The anatomy of a viz created with matplotlib
From the simple plot above, there are three components according to matplotlib’s terminology:
- Figure: the space that contains everything in it. You can think of figure as the white, blank space in the background.
- Axes: the plot, which composes of the x and y axes and the blue line
- Subplot(s): the container of the axes. The concept of having a subplot or subplots as container(s) for the axes is so that you can create multiple data vizes as a set in one figure, which you’ll see (and create them by yourself) later.
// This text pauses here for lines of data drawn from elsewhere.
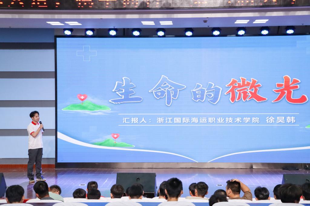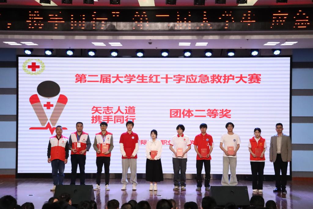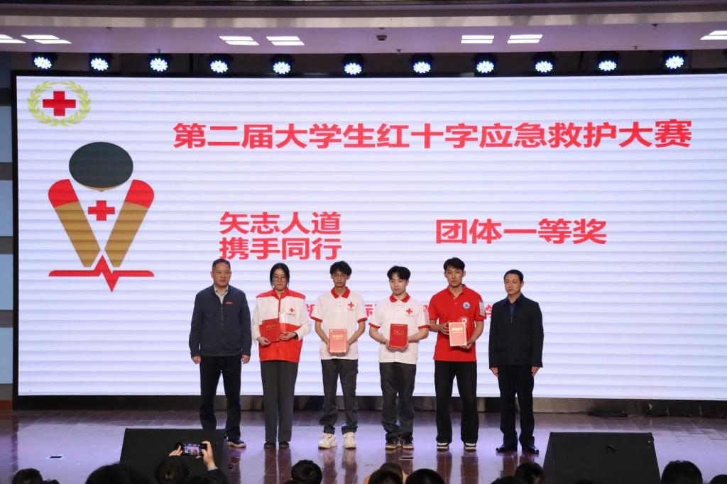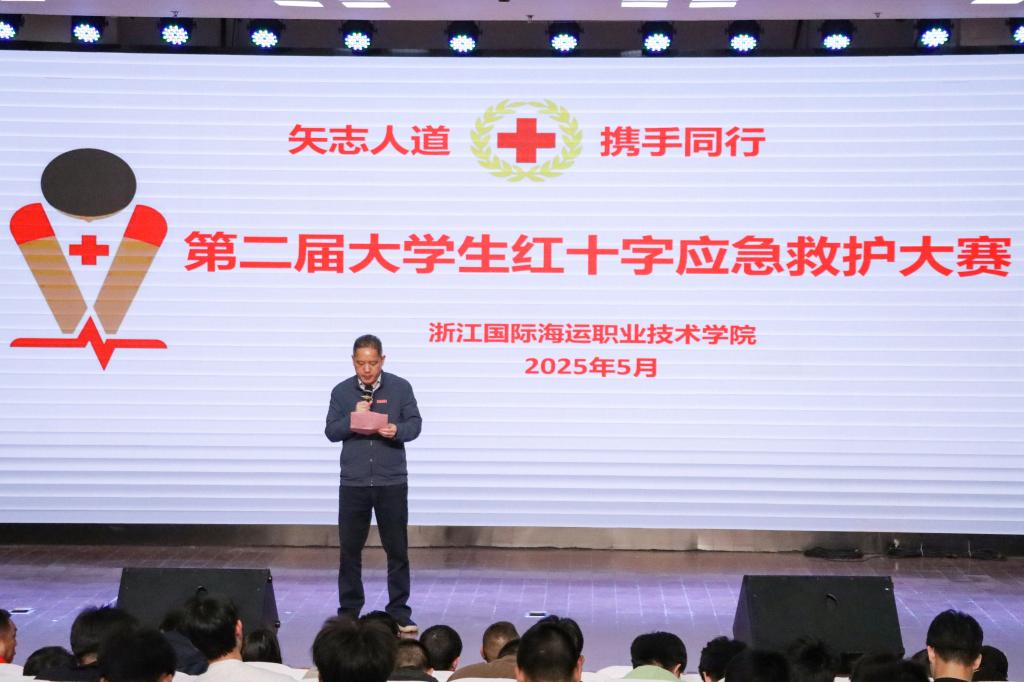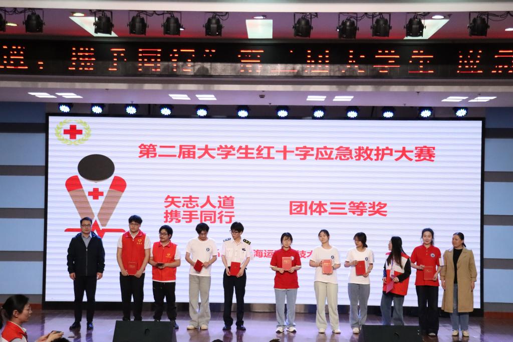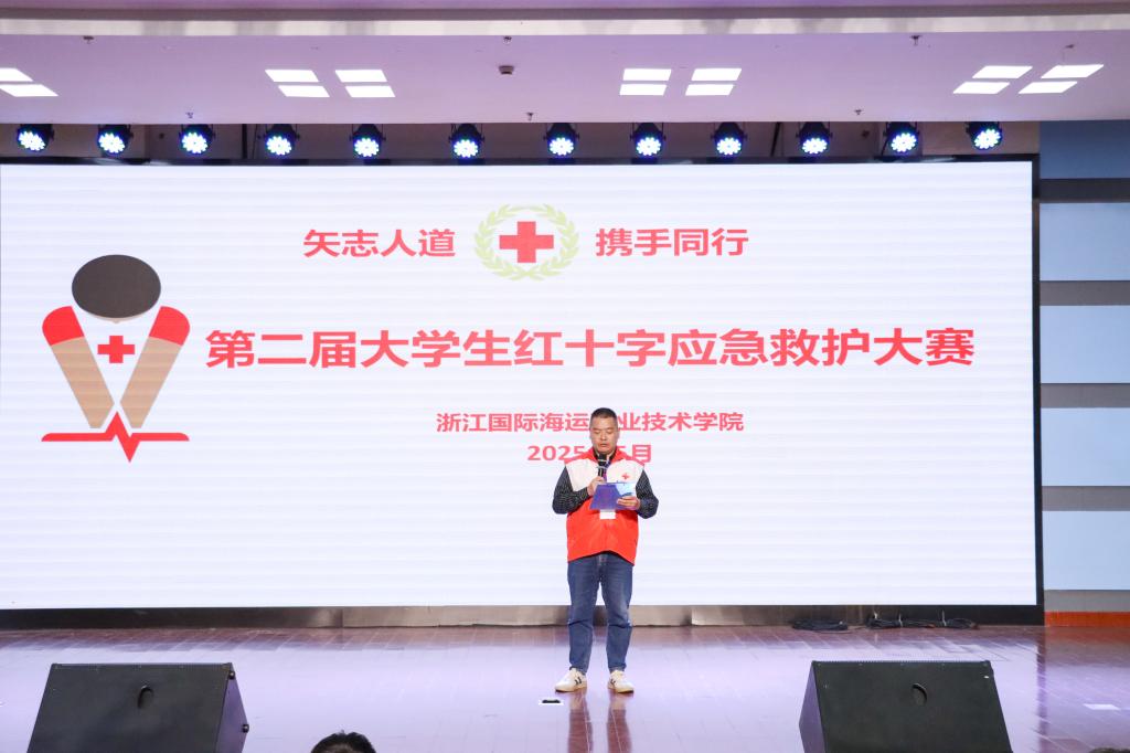 在第78个“世界红十字日”到来之际,5月7日下午,由校红十字会主办的第二届大学生应急救护大赛在图书馆4楼报告厅隆重举行。本届大赛以“矢志人道  携手同行”为主题,来自各二级学院的6支队伍同台竞技,最终石油化工学院凭借出色表现斩获团体一等奖,石油化工学院徐昊韩、胡志诚获救护演讲、创伤救护个人一等奖;海洋装备工程学院王行嘉获心肺复苏+AED使用个人一等奖。舟山市红十字会党组成员、副会长齐嘉辉,校党委委员、副校长、校红十字会长曹志斌、后勤产业处副处长毛攀峰及各二级学院副书记出席活动并为获奖团队颁奖,舟山市红十字会现场应急救护培训指导中心主任蒋朝进在致辞中强调,青年学子应传承红十字精神,以急救技能践行社会责任。
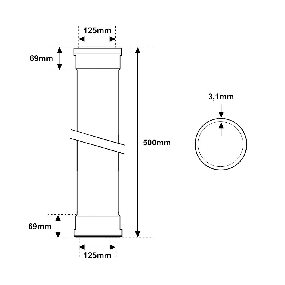 Il sistema in polipropilene grigio ad innesto è utilizzato per la realizzazione di impianti di scarico, drenaggio, ventilazione e trattamento di acque reflue. Il tubo ha una lunghezza di 500mm ed una struttura a 2 bicchieri. Inoltre il tubo possiede due attacchi femmina con diametro FF Ø125mm. Il raccordo sfrutta il sistema a bicchiere con guarnizione idraulica, il quale sistema garantisce una solida tenuta senza perdite. In aggiunta questo sistema previene le dilatazioni dovute alle variazioni della temperatura.
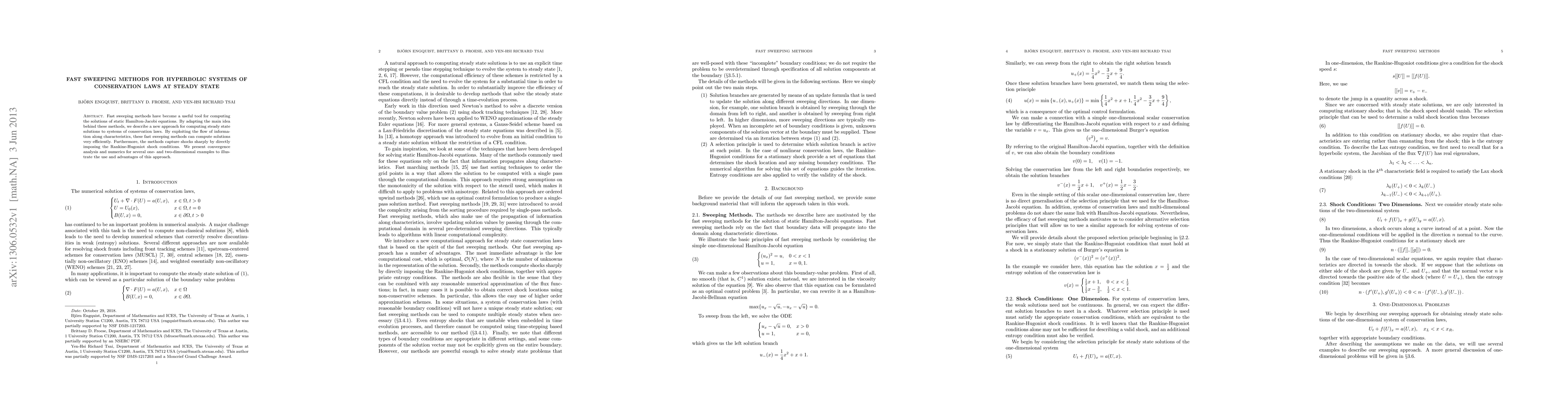 This paper introduces fast sweeping methods for efficiently solving steady-state hyperbolic systems of conservation laws, leveraging information flow along characteristics and directly imposing Rankine-Hugoniot shock conditions. The approach is demonstrated through convergence analysis and numerical examples in various dimensions.
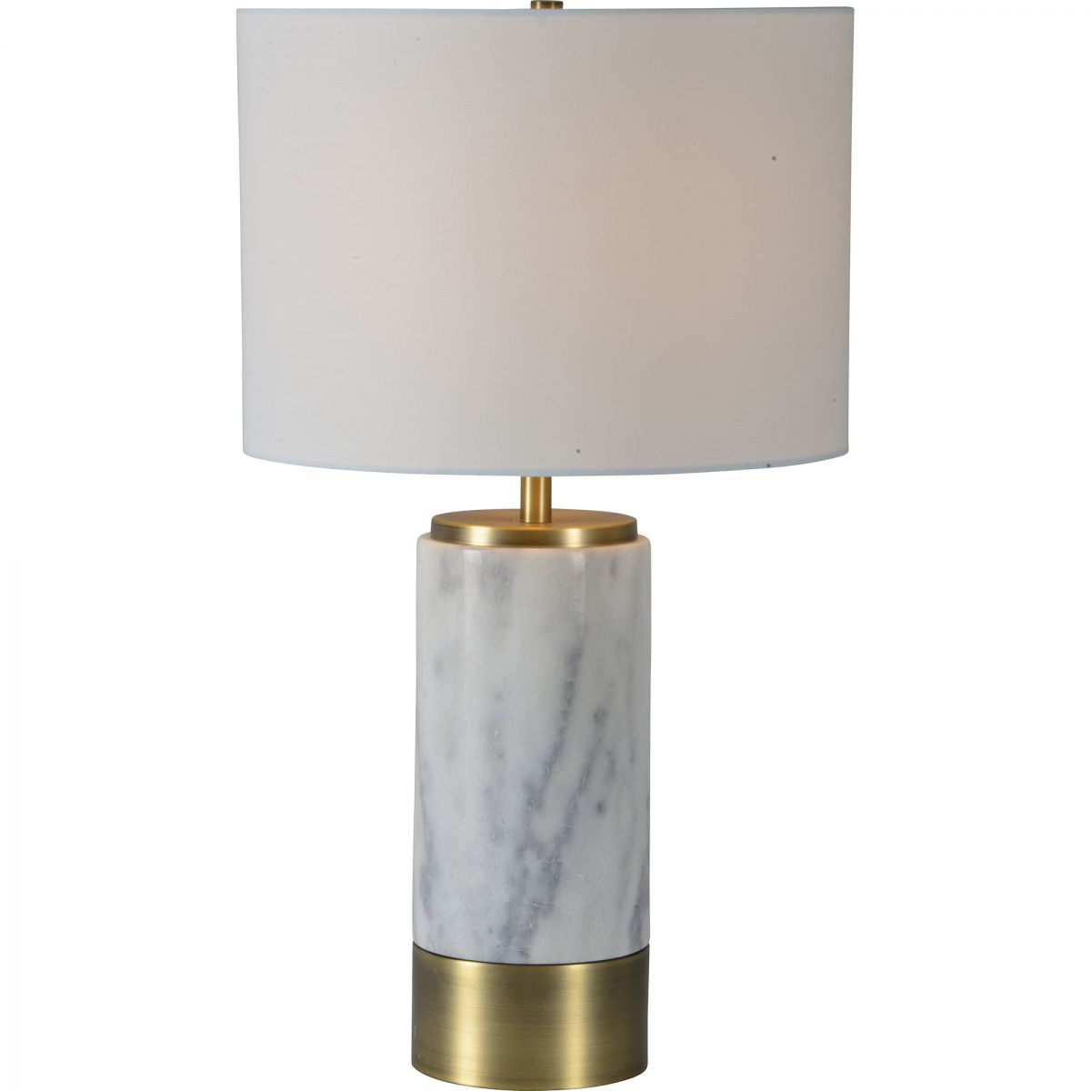 Steel / Marble Table Lamp - E26 Base - 3 Way Socket - Off White Linen Shade - Antique Brass Finish - MAX Wattage: 100W

Let’s make the meaning of those three terms above even clearer. In the next cell, try the following code:
fig = plt.figure()
ax1 = fig.add_subplot(2, 2, 1)
ax4 = fig.add_subplot(2, 2, 4)
plt.show()
And the output of the code above looks like this:
If you scroll back up to study the code above again, you’ll see that we first created an empty figure (the background) called fig with matplotlib’s function figure(). Then, we add two subplots to the figure to contain the axes with the function add_subplot() notice that we use fig.add_subplot() and not plt.add_subplot(). This is because the fuction add_subplot() is a method of a figure object which is already created. The axes are in the variables ax1 and ax4, respectively.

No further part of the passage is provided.